Üstelik yıllardan beri çeşitli televizyon kanalları " pankreas güreşi " diye uyduruk bir adla spor yanı sahte, şiddet yanı gerçek bu şovu ekrana getirir ve ilgi toplayacağını sanır.
Demek ki halis ve insancıl köklerimiz hâlâ varlığını sürdürüyor.
Demek ki, vahşetle sahteliğin; şikeyle şiddetin birleştirilip heyecanlarımızın gıdıklanmasına hâlâ izin vermiyoruz.
***
Güreşçi'yi (The Wrestler) seyrettim geçen gün.
Hani Mickey Rourke'nin Oscar'a aday gösterildiği ve Golden Globe ödülünü aldığı film.
Çok güzel değil belki ama güzel bir film Güreşçi...
Etkileyici bir film.
Anlattığı öyküyü de bir yana bırakın...
Dünyayı bir lokomotif gibi sürükleyen Amerikan toplumunu bir de profesyonel güreşin aynasında görmek, tanımak, düşünmek az şey olmasa gerek...
Film sırf bu nedenle bile seyredilmeli.
***
Düşünün...
Anlaşmalı, sahte bir dövüş sahneye konuluyor.
Fakat gitgide daha fazla şiddet içeren, ringde kan isteyen bir şov çerçevesinde...
Ve bu güreşçileri seyretmek için toplanan insanlar var.

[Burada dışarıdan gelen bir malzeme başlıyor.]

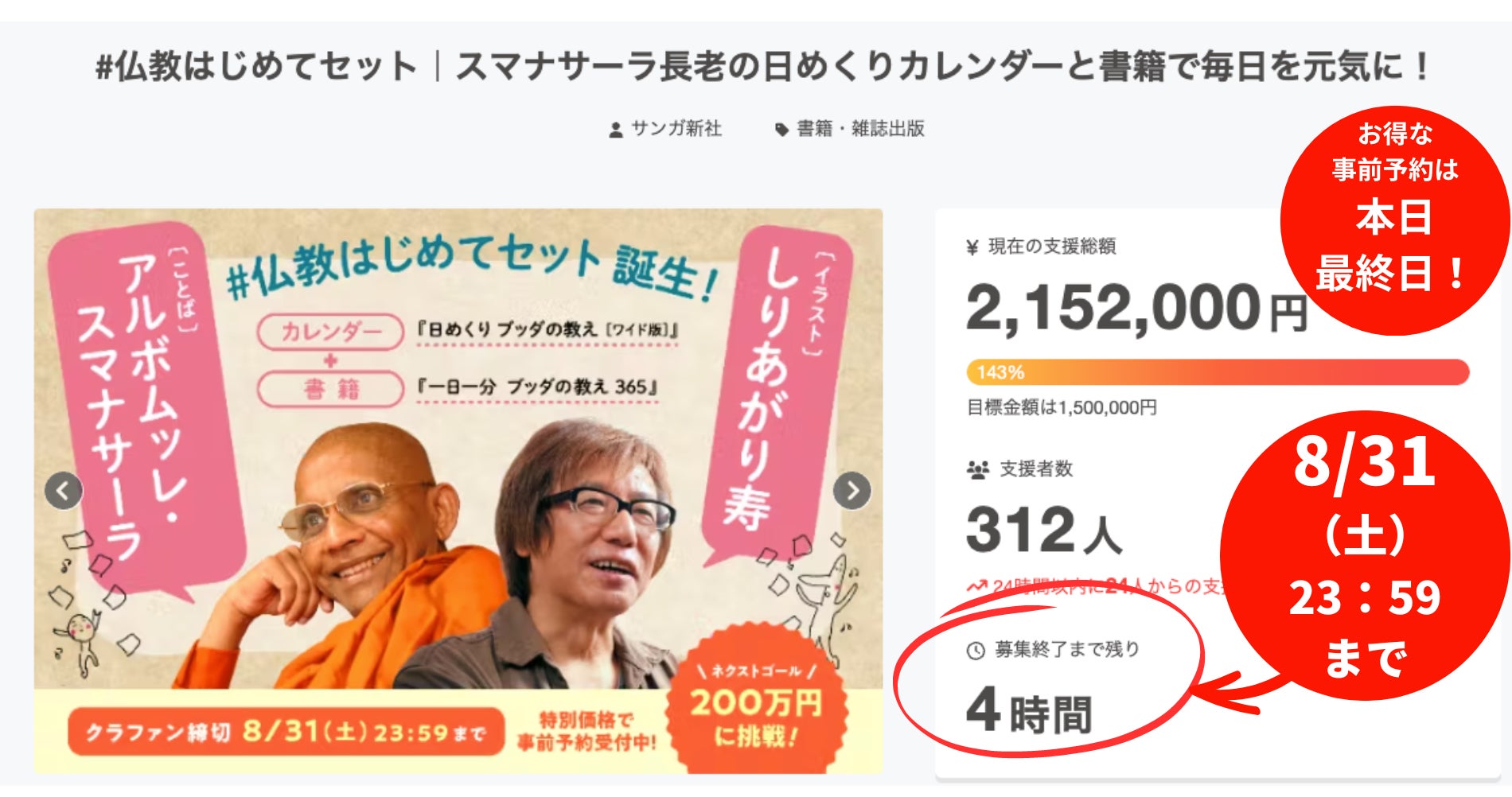 「#仏教はじめてセット|スマナサーラ長老の日めくりカレンダーと書籍で毎日を元気に!」クラウドファンディングも残り4時間となりました。

Güreşçilerin vahşi fakat danışıklı dövüşünü haz çığlıkları atarak seyreden bir kalabalık...
Her şeyden eğlence çıkaran fakat ne kadar eğlenirse o kadar az neşelenen bu toplumu tanımanın en iyi yollarından biri bu profesyonel güreş saçmalığına yakından bakmak olabilir.

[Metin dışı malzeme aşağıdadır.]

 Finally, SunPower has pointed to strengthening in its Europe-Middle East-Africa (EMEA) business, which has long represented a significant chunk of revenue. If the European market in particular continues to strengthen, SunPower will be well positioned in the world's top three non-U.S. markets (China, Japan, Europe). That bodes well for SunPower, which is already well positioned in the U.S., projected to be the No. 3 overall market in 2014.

Yönetmen Dareen Aranofsky soyunma odası çekimlerine ağırlık vererek bu bakımdan harika bir iş yapmış.
İşin sırrı orada ortaya çıkıyor çünkü.
***
Upuzun filmde kısacık bir an var.
Öylesine etkili ki...
Yaşı geçkin bir kucak dansçısı olarak çalışan Cassidy (Marisa Tomei) barda bizim güreşçiyle (Mickey Rourke) karşılaşınca ona sarılır.

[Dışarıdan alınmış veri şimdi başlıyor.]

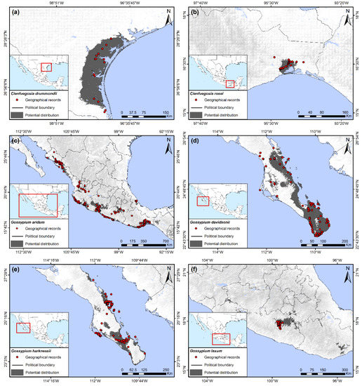 - Phillips, S.J.; Anderson, R.P.; Schapire, R.E. Maximum entropy modeling of species geographic distributions. Ecol. Model. 2006, 190, 231–259. [Google Scholar] [CrossRef]

Nasıl dostça ve sımsıcak bir sarılma dır bu!
Oysa biraz sonra gayet profesyonelce dans edecektir güreşçinin önünde...
Ama o sarılma!..
Sevgi, cömertlik, şefkat...
Ve birbirini tanımanın benzersiz güveni..
Hepsi vardı o sarılıp kucaklaşmada.
O kadar soğuk, kopuk, ıssız hayatların ortasında o sarılmanın yeri ve değeri öyle büyük ki..
***
Aranofsky'nin kamerası kaybetmiş ama kaybetmemiş gibi yapan; ayakta durmakta zorlanan, herkesle ilişkisi bozulmuş ama hâlâ Amerikan işi başarı ideolojisi ne tutunmaya çalışan insanlar arasında dolaşıyor.
Film boyunca perdedeki o insanlara baktıkça..
Ve bizim de onlara giderek benzeyişimizi hesaba kattıkça..
Aklıma Şeyh Galib'in şu beyiti geldi ve içim buruldu..
"Hoşça bak zatına, çün zübde-i alemsin sen
Merdum-i dide-i ekvan olan ademsin sen."
Başarılı ve ünlü olmayanın "çöpe atıldığı" modern hayatın insanı " alemin özü " olabilir, zatına iyi bakabilir mi?
Dağılmış, kopmuş, çözülmüş gidiyoruz işte!